* **Stored data**

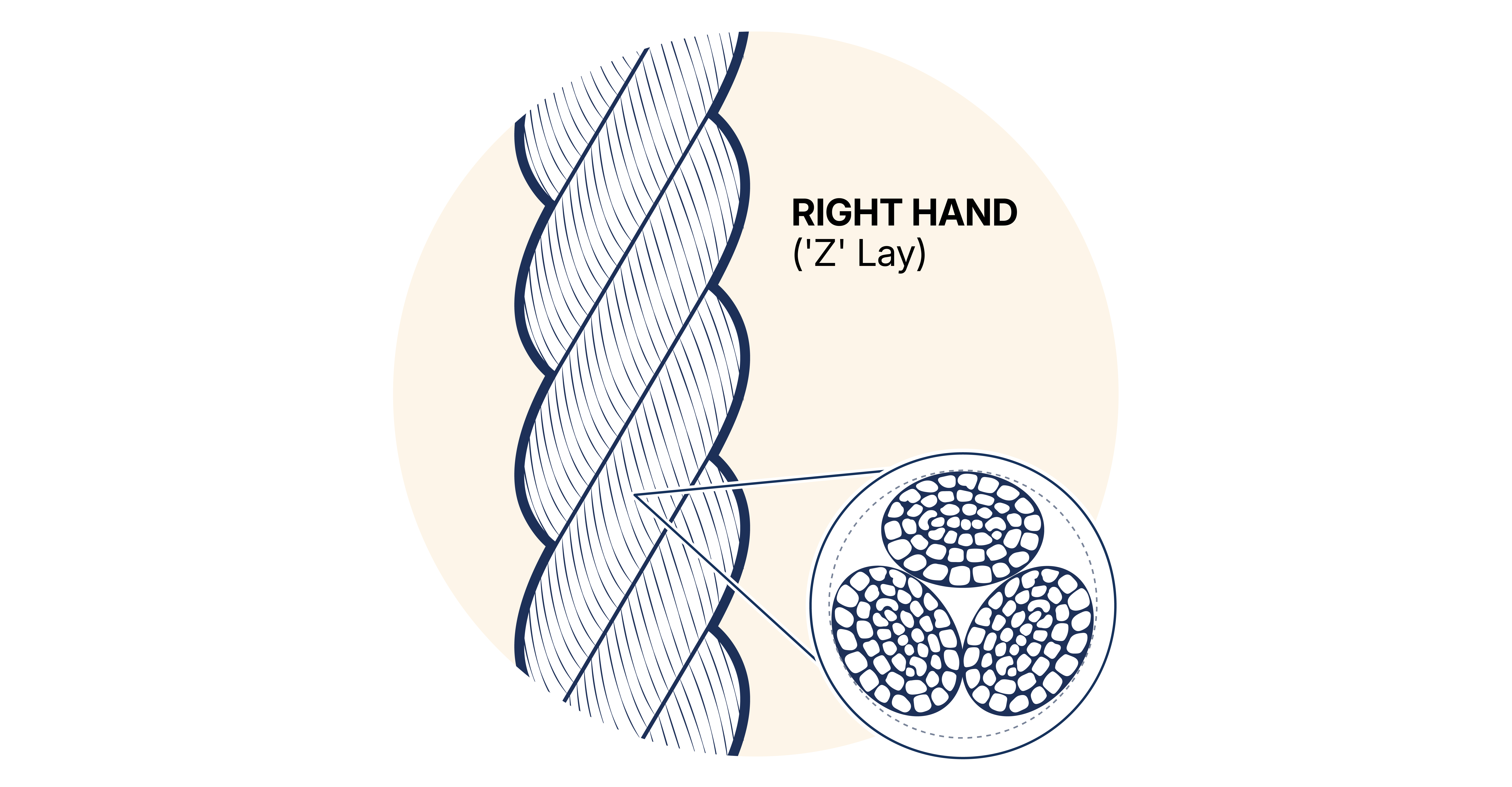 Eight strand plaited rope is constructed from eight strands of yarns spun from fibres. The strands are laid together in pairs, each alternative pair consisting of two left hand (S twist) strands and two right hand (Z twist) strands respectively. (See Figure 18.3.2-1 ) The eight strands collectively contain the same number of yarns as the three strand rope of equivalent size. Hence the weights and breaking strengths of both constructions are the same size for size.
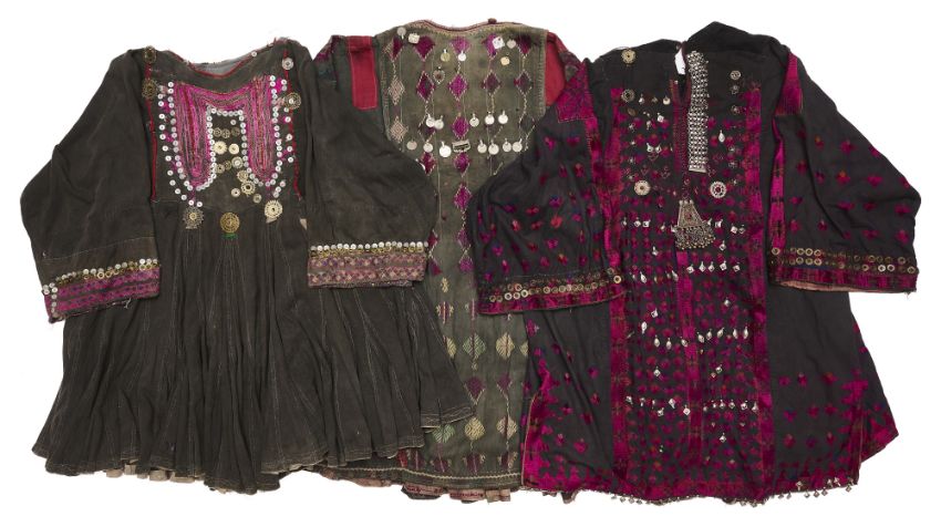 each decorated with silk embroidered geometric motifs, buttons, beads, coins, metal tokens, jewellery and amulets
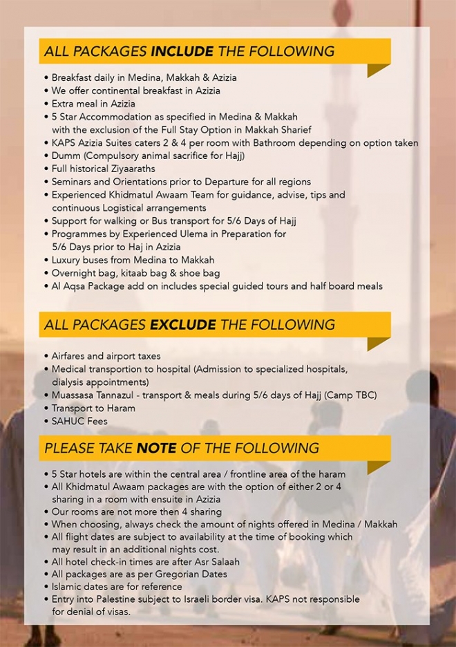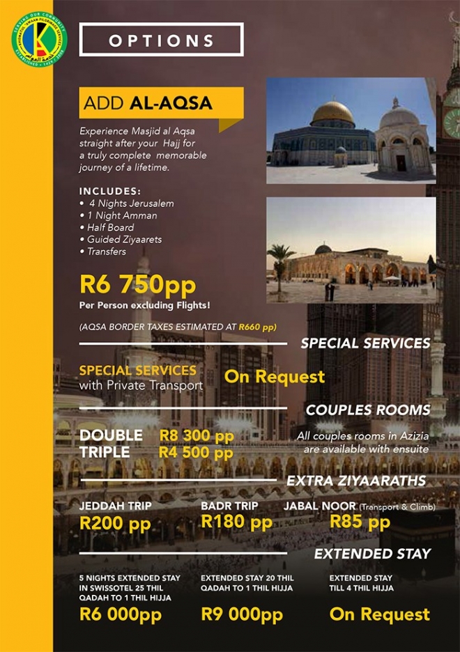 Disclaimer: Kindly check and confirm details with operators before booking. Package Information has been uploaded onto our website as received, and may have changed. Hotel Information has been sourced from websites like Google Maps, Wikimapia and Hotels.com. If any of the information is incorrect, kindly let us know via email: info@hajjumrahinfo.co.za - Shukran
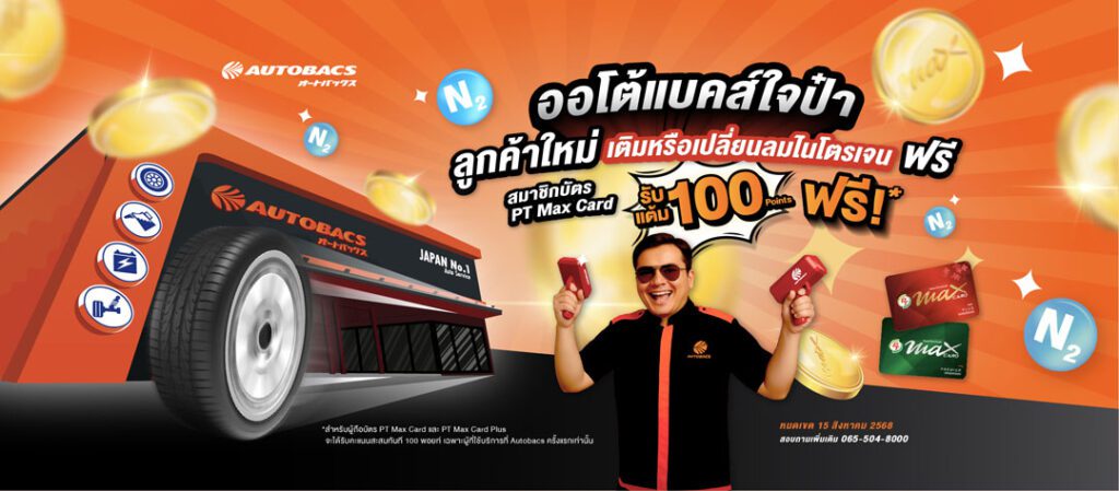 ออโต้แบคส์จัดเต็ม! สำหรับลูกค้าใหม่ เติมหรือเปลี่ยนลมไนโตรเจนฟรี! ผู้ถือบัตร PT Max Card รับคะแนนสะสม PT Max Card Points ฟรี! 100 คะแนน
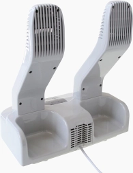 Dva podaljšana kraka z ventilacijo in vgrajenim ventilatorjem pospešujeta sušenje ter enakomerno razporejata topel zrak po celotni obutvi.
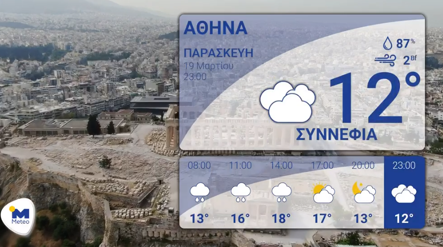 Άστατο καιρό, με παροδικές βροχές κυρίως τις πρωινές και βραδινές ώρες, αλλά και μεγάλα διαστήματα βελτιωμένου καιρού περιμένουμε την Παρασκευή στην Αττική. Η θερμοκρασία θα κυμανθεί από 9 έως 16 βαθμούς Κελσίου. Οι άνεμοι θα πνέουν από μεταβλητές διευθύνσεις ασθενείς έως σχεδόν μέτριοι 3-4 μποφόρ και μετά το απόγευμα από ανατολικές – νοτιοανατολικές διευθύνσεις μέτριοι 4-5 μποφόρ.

* **What the task asks**
Whenever a picture appears, leave it out, and return every record exactly.

* **Response area**
 Eight strand plaited rope is constructed from eight strands of yarns spun from fibres. The strands are laid together in pairs, each alternative pair consisting of two left hand (S twist) strands and two right hand (Z twist) strands respectively. (See Figure 18.3.2-1 ) The eight strands collectively contain the same number of yarns as the three strand rope of equivalent size. Hence the weights and breaking strengths of both constructions are the same size for size.
 each decorated with silk embroidered geometric motifs, buttons, beads, coins, metal tokens, jewellery and amulets
 Disclaimer: Kindly check and confirm details with operators before booking. Package Information has been uploaded onto our website as received, and may have changed. Hotel Information has been sourced from websites like Google Maps, Wikimapia and Hotels.com. If any of the information is incorrect, kindly let us know via email: info@hajjumrahinfo.co.za - Shukran
 ออโต้แบคส์จัดเต็ม! สำหรับลูกค้าใหม่ เติมหรือเปลี่ยนลมไนโตรเจนฟรี! ผู้ถือบัตร PT Max Card รับคะแนนสะสม PT Max Card Points ฟรี! 100 คะแนน
 Dva podaljšana kraka z ventilacijo in vgrajenim ventilatorjem pospešujeta sušenje ter enakomerno razporejata topel zrak po celotni obutvi.
 Άστατο καιρό, με παροδικές βροχές κυρίως τις πρωινές και βραδινές ώρες, αλλά και μεγάλα διαστήματα βελτιωμένου καιρού περιμένουμε την Παρασκευή στην Αττική. Η θερμοκρασία θα κυμανθεί από 9 έως 16 βαθμούς Κελσίου. Οι άνεμοι θα πνέουν από μεταβλητές διευθύνσεις ασθενείς έως σχεδόν μέτριοι 3-4 μποφόρ και μετά το απόγευμα από ανατολικές – νοτιοανατολικές διευθύνσεις μέτριοι 4-5 μποφόρ.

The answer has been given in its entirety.